## [TASK TO CARRY OUT]
What is needed is an exact copy of the lines from the start of the records below through the line with "Contemporary baggy pants", without the pictures.

## [Recorded data]
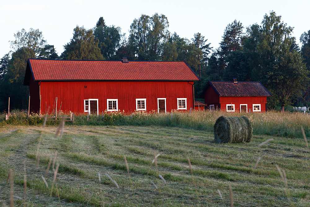 En bild från igår: Den Canonröda ladan i tidigt morgonljus.
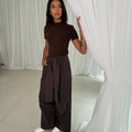 Contemporary baggy pants with a statement belt and dramatic wide fit.
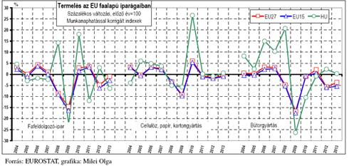 A fafeldolgozó-ipar termelése 2013-ban 6,5%-kal csökkent az egy évvel korábbi 2,3%-os növekedés bázisán. 2013 decemberében 5,6%-kal emelkedett a kibocsátás az előző évi 13,8%-os csökkenés bázisán. A szakágazat hazai értékesítése 2013-ban 8,2%-kal visszaesett, decemberben pedig 13,2%-kal nőtt. A 2013 évi exportértékesítés 4,4%-kal csökkent a múlt évi 0,8%-os növekedés bázisán, decemberben pedig a szakágazat kivitele 8,9%-kal emelkedett az egy évvel korábbi 29,0%-os visszaesés bázisán.
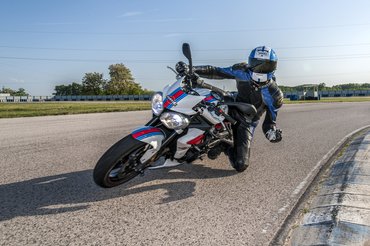 Pedig a 675-ös Street Triple R-t az Isten is ide teremtette. Hogy ne a lovamat dicsérjem, idéznék tapasztalt kollégám tesztjéből. A mondat egy spanyol gumiteszten hangzott el, ahol nemzetközi gyorscsávók kergették egymást mindenféle motorokkal:
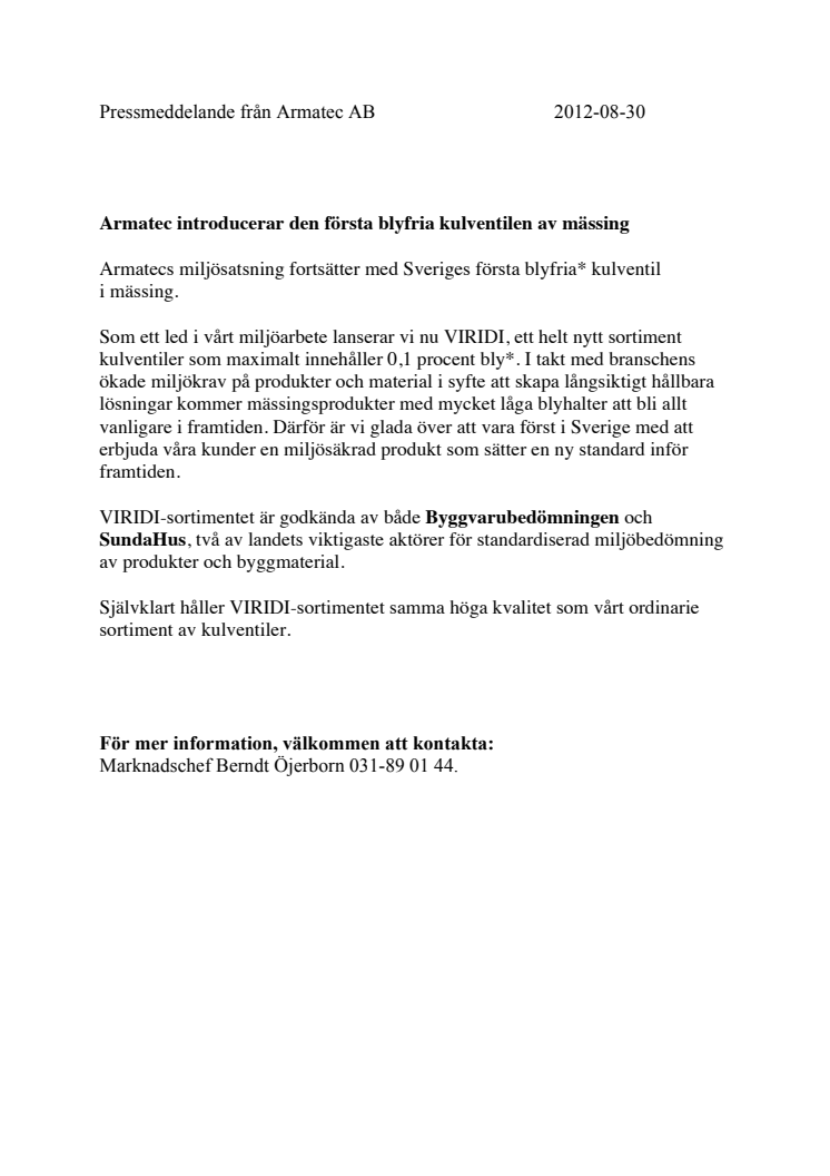 Armatecs miljösatsning fortsätter med Sveriges första blyfria* kulventil i mässing.
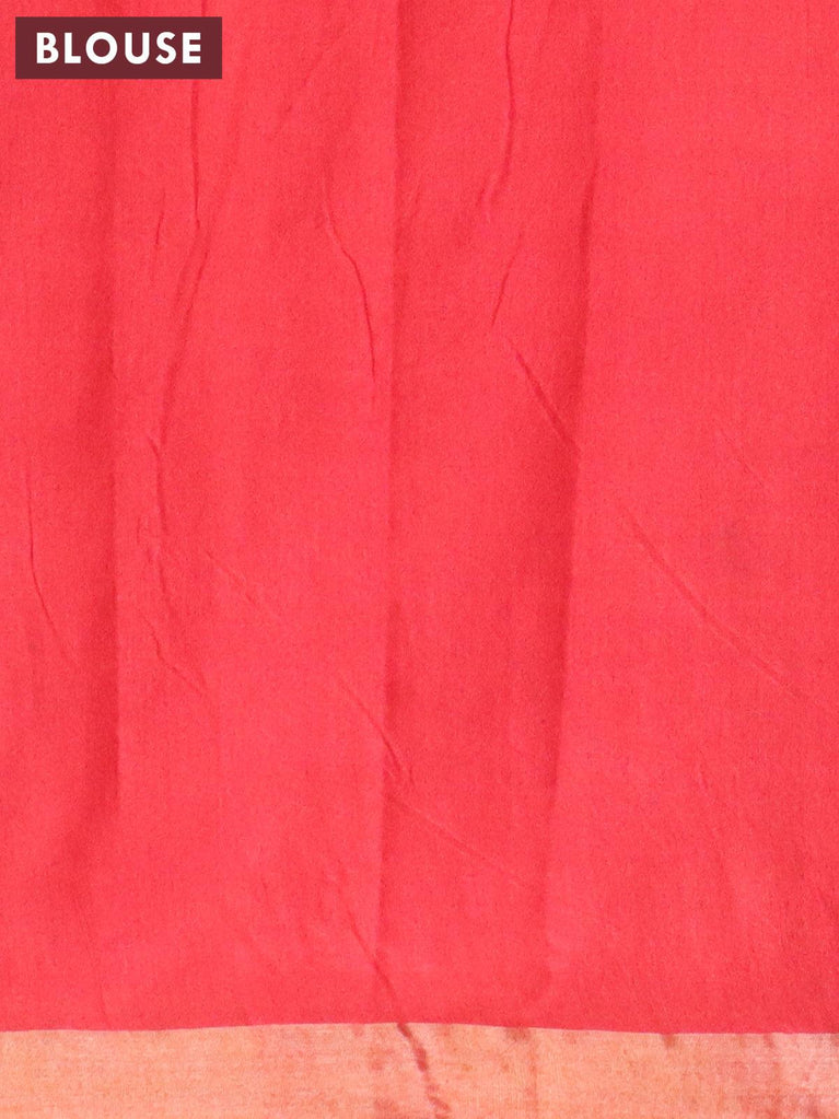 Bhagalpuri saree green and pink with allover ikat prints and simple zari border

## [TASK SOLUTION]
 En bild från igår: Den Canonröda ladan i tidigt morgonljus.
 Contemporary baggy pants with a statement belt and dramatic wide fit.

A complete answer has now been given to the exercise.